If most of the solo space is negotiated, creatively, by Arild, Tommy Smith also has some muscular and incisive solos of his own on the disc – as is immediately evident from the opening ”May Dance”, Dave Holland’s tune from the first Gateway album, reworked in a tight arrangement by Christian Jacob, another Burton alumnus. Arild: “I’d always liked this piece of Dave’s, with its odd metres, and in fact I’d played it in my own groups in the 1990s. I like the way this arrangement takes off from the first moment. I was surprised but pleased when Manfred suggested it as the opening piece for the album. ECM albums quite often slowly establish their atmosphere. This one is right in your face straight away…” The rhythmic understanding that this large ensemble reveals here is testimony to fifteen years of extensive work under Smith’s direction. (Furthermore, Andersen, Smith and powerhouse SNJO drummer Alyn Cosker have also worked in trio together…)

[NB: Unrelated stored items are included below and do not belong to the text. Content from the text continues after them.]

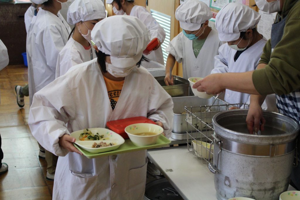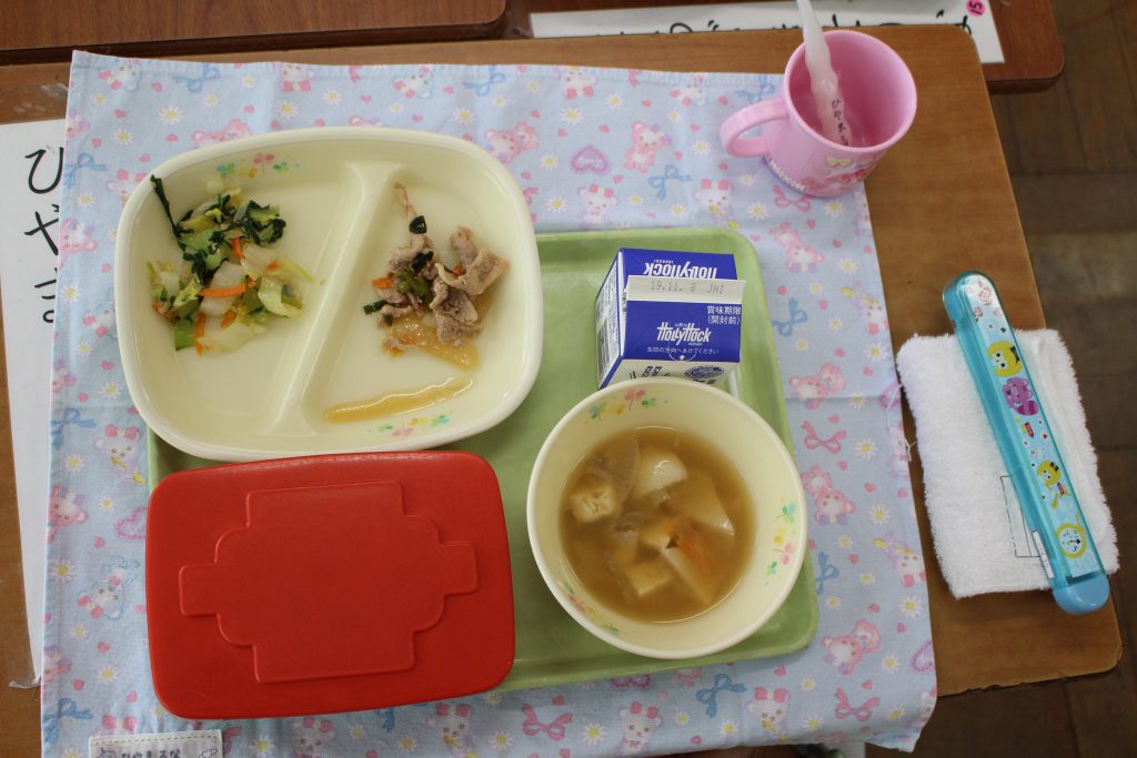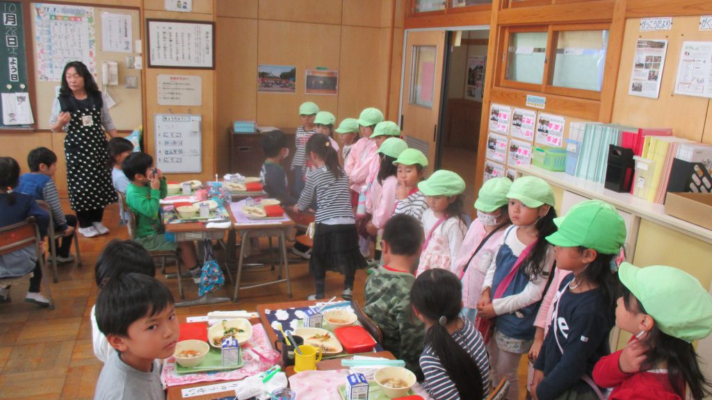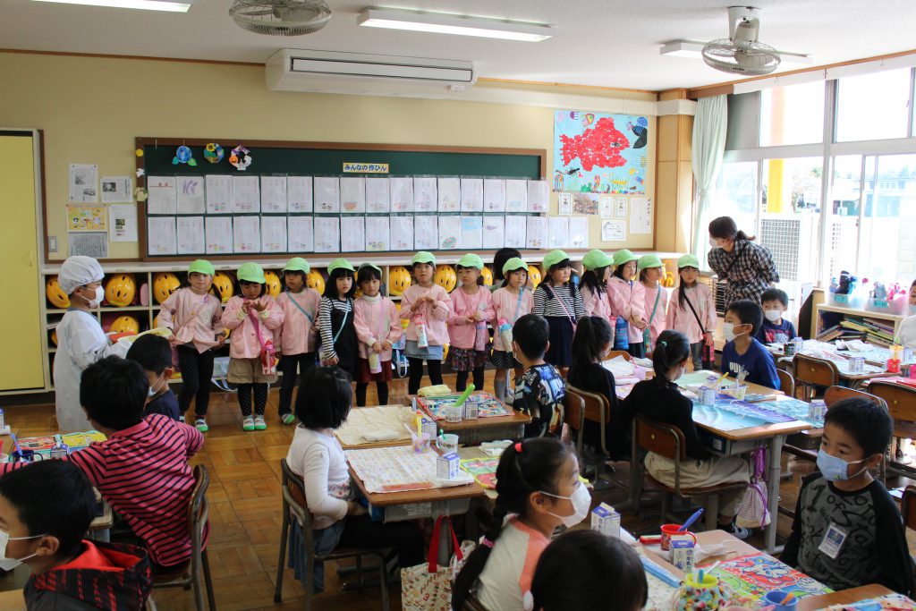 お皿の大きさの違いに気づいたり,牛乳が出ることを知ったり,20分間で食べることを教えてもらったり‥小学校の給食についてたくさんの発見がありました。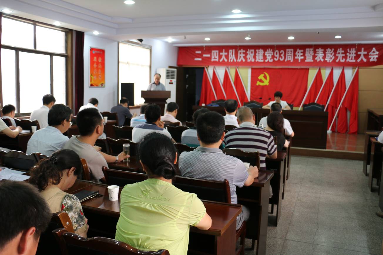 隨著鏗鏘有力的國歌響起,全體黨員肅然起立,在皮紅芳隊長的主持下,慶祝活動開始。黨委書記趙建輝同志致詞,回顧了中國共產黨成立93周年來的光輝里程,對群眾路線教育實踐活動的開展情況進行了簡短總結,同時,對全隊黨員干部提出了三點要求:一要勤于學習,善于思考,努力提升理論修養和知識水平。要求每位黨員干部,要保持良好的學習習慣,做認真學習的表率。通過掌握過硬的業務技能,不斷提高自身科學判斷形勢的能力、應對復雜局面的能力、學法用法的能力和駕馭市場經濟的能力。二是敢于探索,勇于實踐,切實提高執政行政能力。要求全隊黨員干部樹立正確的事業觀,以高度負責的態度和求真務實的精神,沉下心來,研究和規劃好本單位、本部門的工作思路和工作方向;堅持把實現最廣大人民的根本利益作為工作的出發點和落腳點,真正解決職工群眾的實際問題。要把立黨為公、執政為民的本質要求真正落到實處。三是以身作則、嚴于律已,加強和改進作風建設。要求全隊黨員干部認真落實習近平同志的講話精神,身先士卒、率先垂范,以“為民、務實、清廉、高效”的工作作風,干干凈凈做事,秉公用權、不以權謀私,依法用權、不假公濟私,廉潔用權、不貪污腐敗,始終保持共產黨人的政治本色。
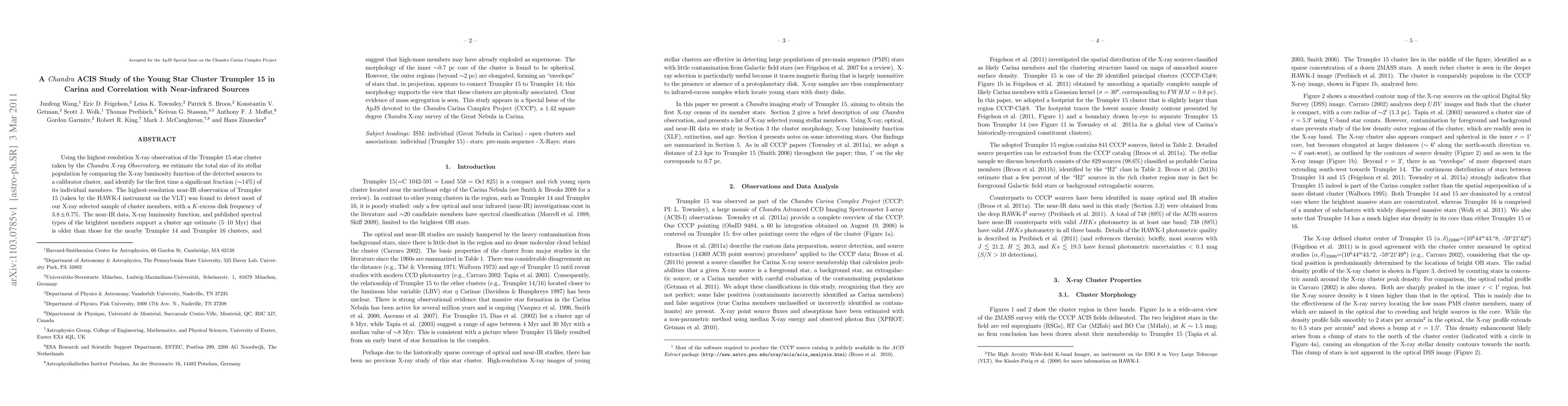 This study uses Chandra X-ray Observatory data to estimate the size and age of the young star cluster Trumpler 15 in Carina, identifying ~14% of its members. Near-IR observations confirm most X-ray sources, revealing a K-excess disk frequency of 3.8+-0.7%, suggesting an older age (5-10 Myr) compared to nearby clusters.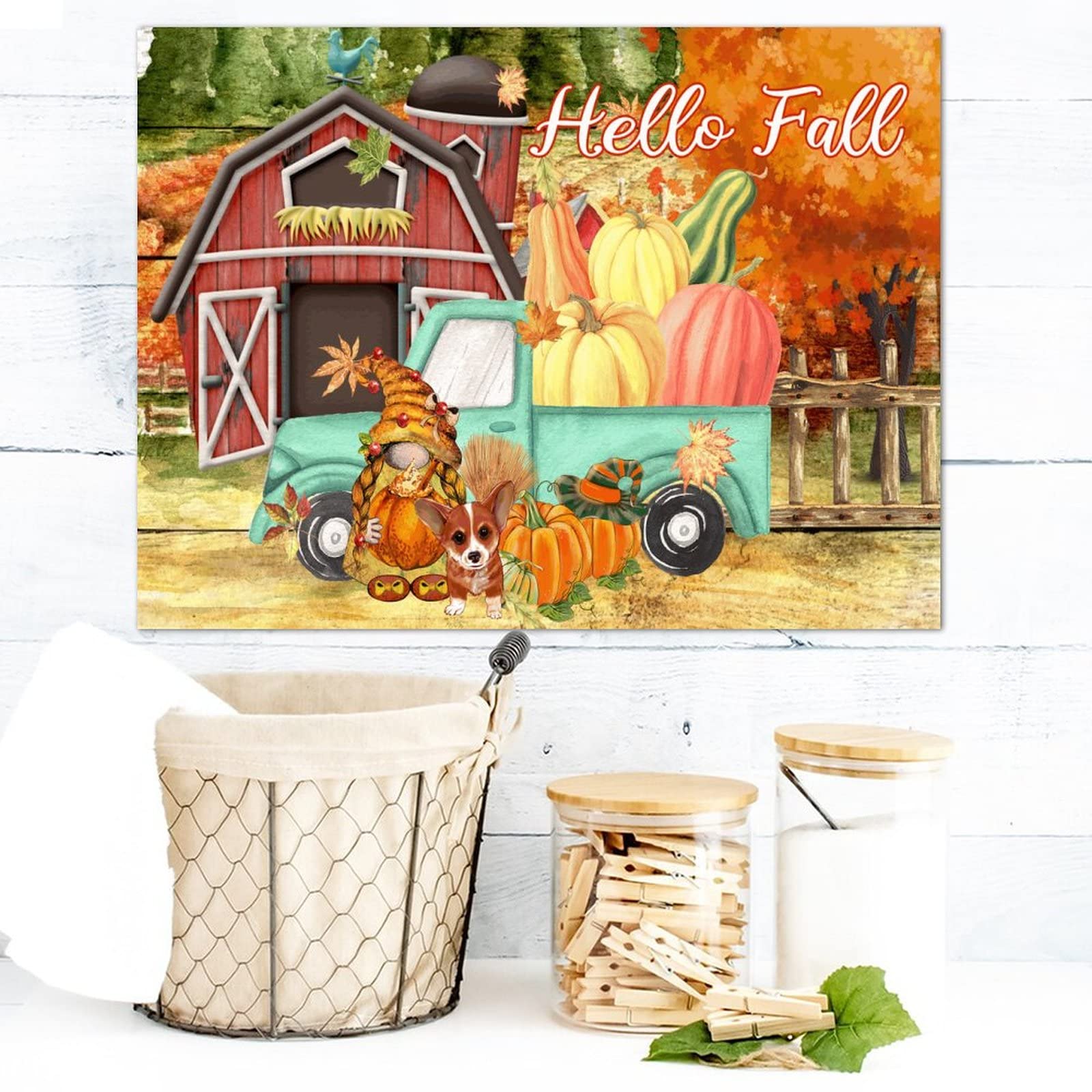 Hello Fall Kürbis Teal Truck Holzschilder Zwerg Scheune Sonnenblume Ahornblätter Holz Plank Hängeschild Bauernhaus Ernte Thanksgiving Zuhause Wandbehang Schild Dekorativ Für Zuhause Schlafzimmer 30 ,5

Particular pieces presented particular challenges. Arild had several talks with fellow Norwegian Trygve Seim while the saxophonist was reworking “Ulrikas Dans” (first heard on Seim’s “Different Rivers” disc): “We’d picked it because it was attractively spacey. As Trygve went over it, together with his trombonist friend [Øyvind Brække], it became more complex – and finally quite a challenge for the big band – after the two of them had added a lot more counterpoint lines.” Conversely, Arild’s own “Independency IV”, (from the “Independency Suite” premiered on “Live At Belleville”) is sparsely arranged by Michael Gibbs, with extensive solo space for Andersen, at first moving through shifting clouds of chords, progressing onwards to free exchanges with Smith’s saxophones, moving into jaunty time-playing: this 17-minute performance is the album’s centerpiece. The disc concludes with one of the best-known of contemporary jazz compositions, Keith Jarrett’s “My Song”. Arild: “The original is such a classic recording. In our version you have the bass playing solo, with double-stops, very close to the melody. What’s happening around the melody is very different, but on the double-bass I’m attempting to keep to the spirit and the emotional feeling of Keith’s piano playing.”